Reproduce the records below exactly, but only between the lines holding "ポロ葱とカブラを重ねた平目を" and "Anúncio de nascimento fotográfico", inclusive.

INPUT RECORDS:

----------

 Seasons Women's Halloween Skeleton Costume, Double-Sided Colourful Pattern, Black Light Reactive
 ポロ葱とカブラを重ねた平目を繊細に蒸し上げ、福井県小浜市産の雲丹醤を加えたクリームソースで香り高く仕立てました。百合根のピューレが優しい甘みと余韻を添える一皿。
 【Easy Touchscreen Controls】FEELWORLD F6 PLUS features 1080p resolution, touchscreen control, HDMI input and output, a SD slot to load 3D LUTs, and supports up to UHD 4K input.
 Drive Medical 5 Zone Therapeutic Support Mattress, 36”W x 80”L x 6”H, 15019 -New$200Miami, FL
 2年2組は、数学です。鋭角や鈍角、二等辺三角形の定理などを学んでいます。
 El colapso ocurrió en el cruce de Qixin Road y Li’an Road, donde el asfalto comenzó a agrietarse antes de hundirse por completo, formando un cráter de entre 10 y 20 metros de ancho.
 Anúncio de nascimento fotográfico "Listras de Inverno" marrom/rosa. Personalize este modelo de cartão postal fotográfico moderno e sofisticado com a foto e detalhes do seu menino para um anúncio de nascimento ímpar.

----------

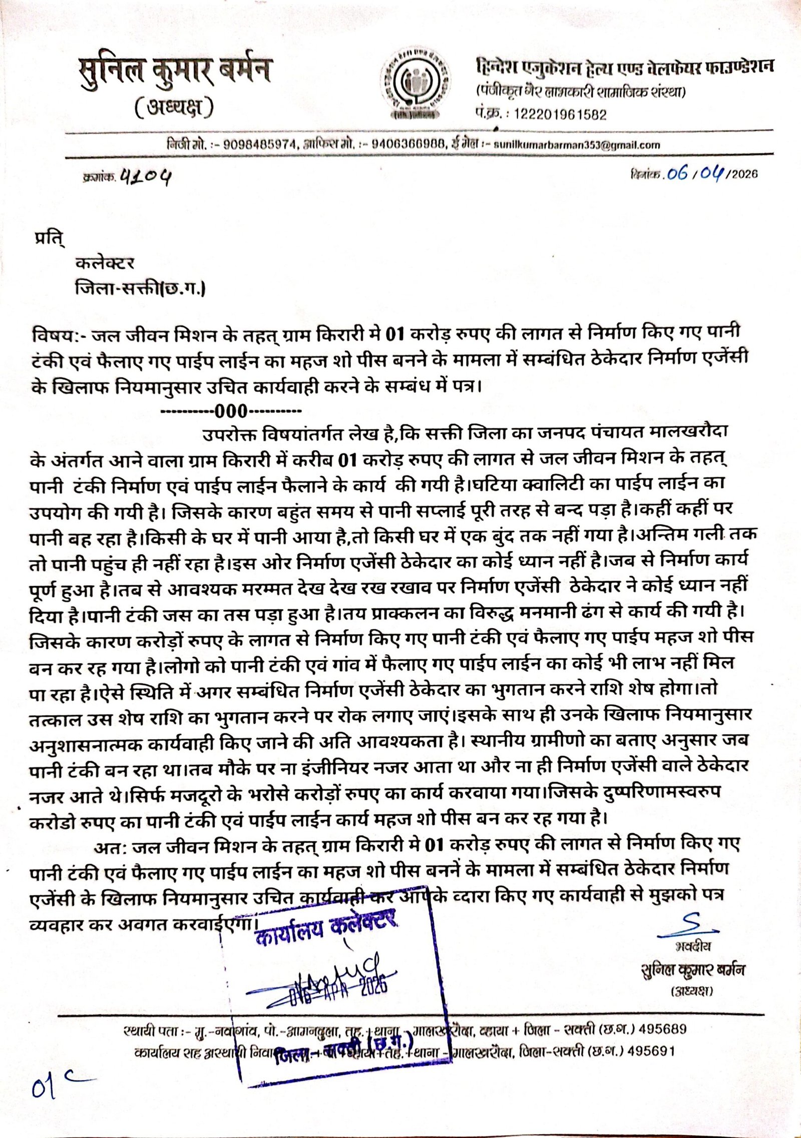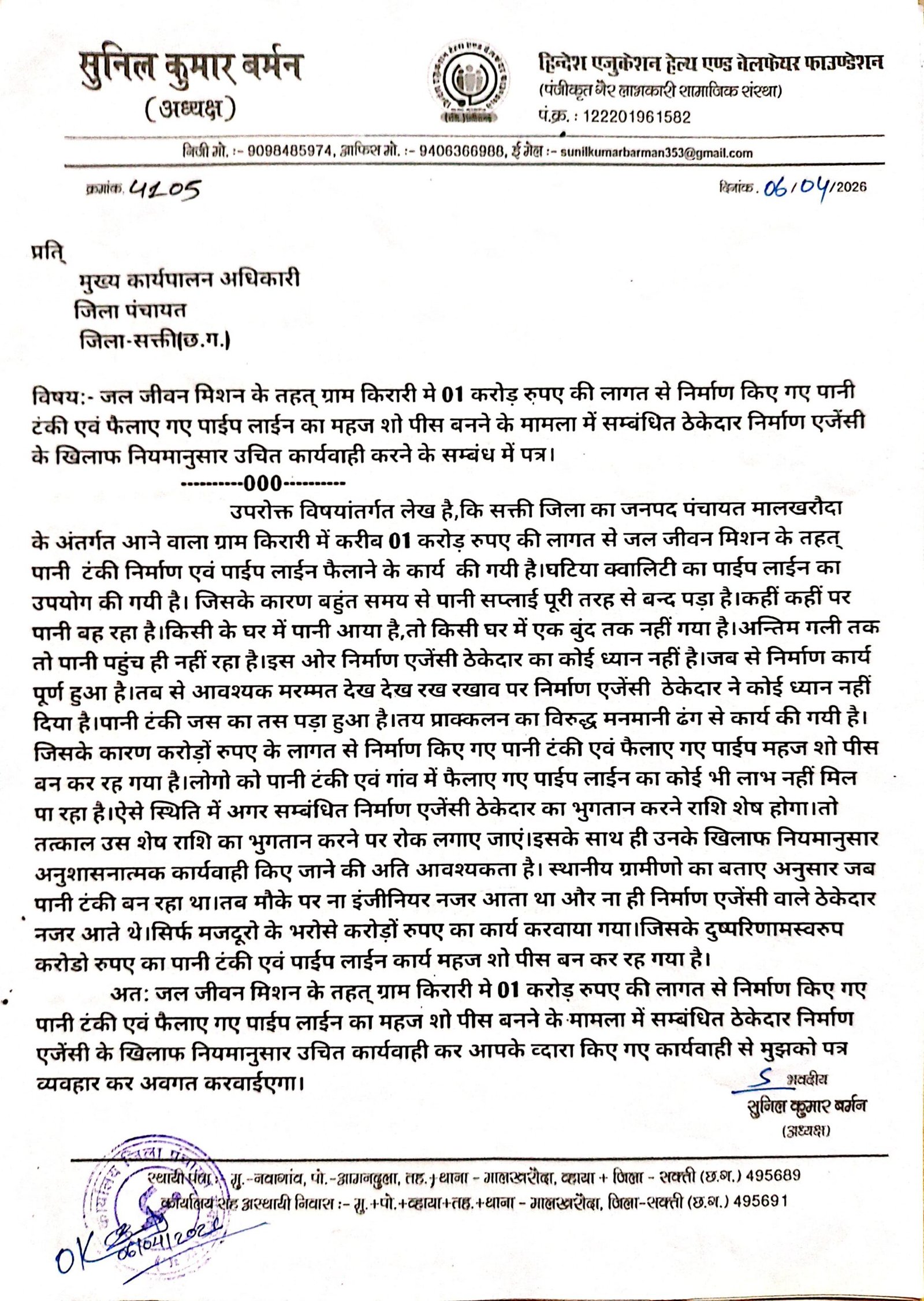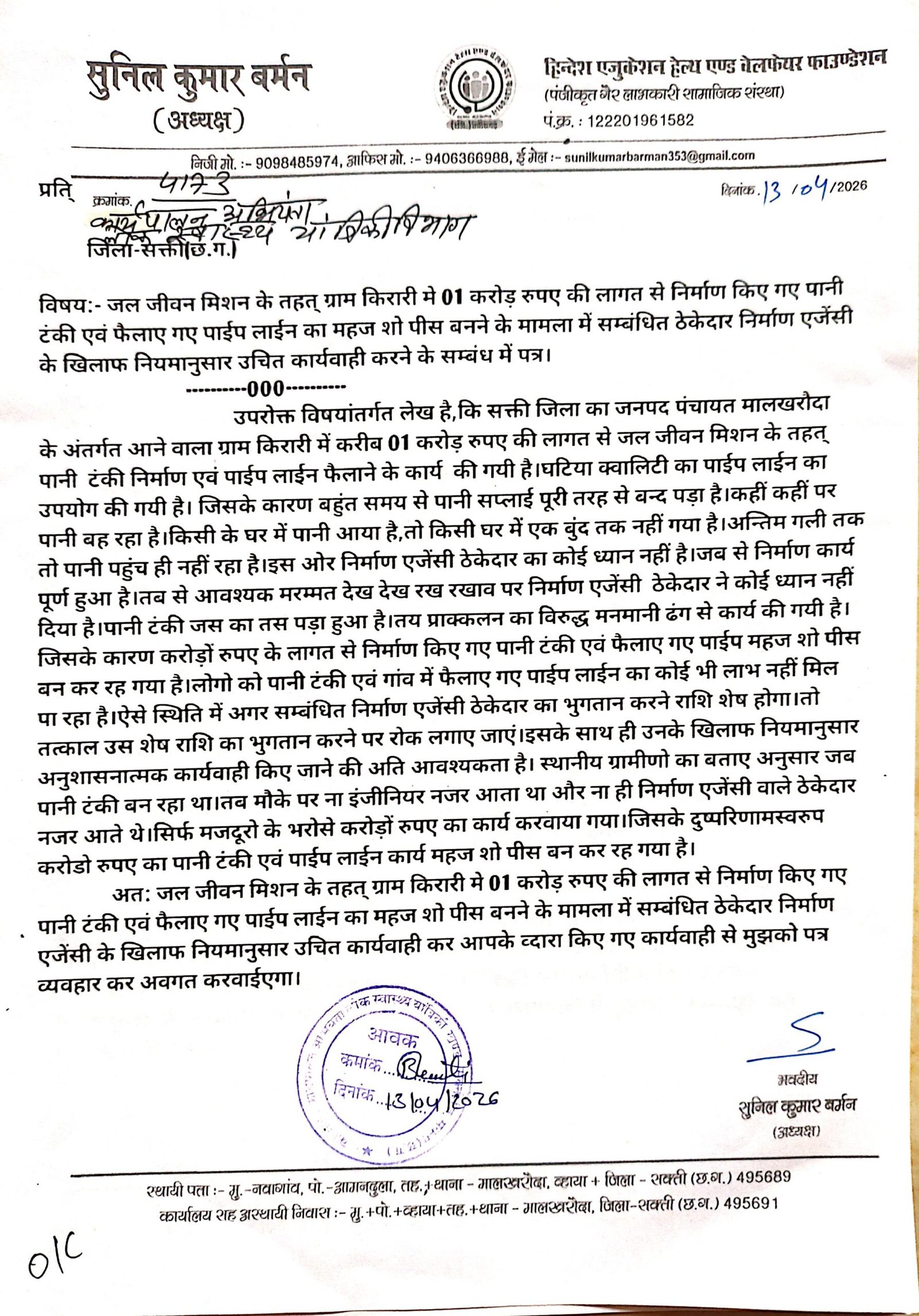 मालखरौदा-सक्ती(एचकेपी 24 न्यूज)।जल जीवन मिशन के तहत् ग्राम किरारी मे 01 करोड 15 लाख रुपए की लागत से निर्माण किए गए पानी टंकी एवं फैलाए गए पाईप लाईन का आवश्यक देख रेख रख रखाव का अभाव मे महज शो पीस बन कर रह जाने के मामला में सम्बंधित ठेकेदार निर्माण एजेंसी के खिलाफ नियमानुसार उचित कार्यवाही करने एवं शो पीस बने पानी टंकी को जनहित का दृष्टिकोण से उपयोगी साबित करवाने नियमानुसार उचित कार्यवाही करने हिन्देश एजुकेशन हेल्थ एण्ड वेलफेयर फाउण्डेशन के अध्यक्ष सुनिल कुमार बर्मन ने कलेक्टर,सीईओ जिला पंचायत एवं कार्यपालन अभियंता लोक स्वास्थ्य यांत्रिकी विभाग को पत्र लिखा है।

----------

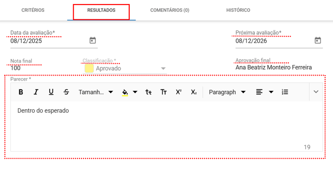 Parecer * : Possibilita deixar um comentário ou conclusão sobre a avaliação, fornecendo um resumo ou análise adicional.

----------

WRITTEN SOLUTION:
 ポロ葱とカブラを重ねた平目を繊細に蒸し上げ、福井県小浜市産の雲丹醤を加えたクリームソースで香り高く仕立てました。百合根のピューレが優しい甘みと余韻を添える一皿。
 【Easy Touchscreen Controls】FEELWORLD F6 PLUS features 1080p resolution, touchscreen control, HDMI input and output, a SD slot to load 3D LUTs, and supports up to UHD 4K input.
 Drive Medical 5 Zone Therapeutic Support Mattress, 36”W x 80”L x 6”H, 15019 -New$200Miami, FL
 2年2組は、数学です。鋭角や鈍角、二等辺三角形の定理などを学んでいます。
 El colapso ocurrió en el cruce de Qixin Road y Li’an Road, donde el asfalto comenzó a agrietarse antes de hundirse por completo, formando un cráter de entre 10 y 20 metros de ancho.
 Anúncio de nascimento fotográfico "Listras de Inverno" marrom/rosa. Personalize este modelo de cartão postal fotográfico moderno e sofisticado com a foto e detalhes do seu menino para um anúncio de nascimento ímpar.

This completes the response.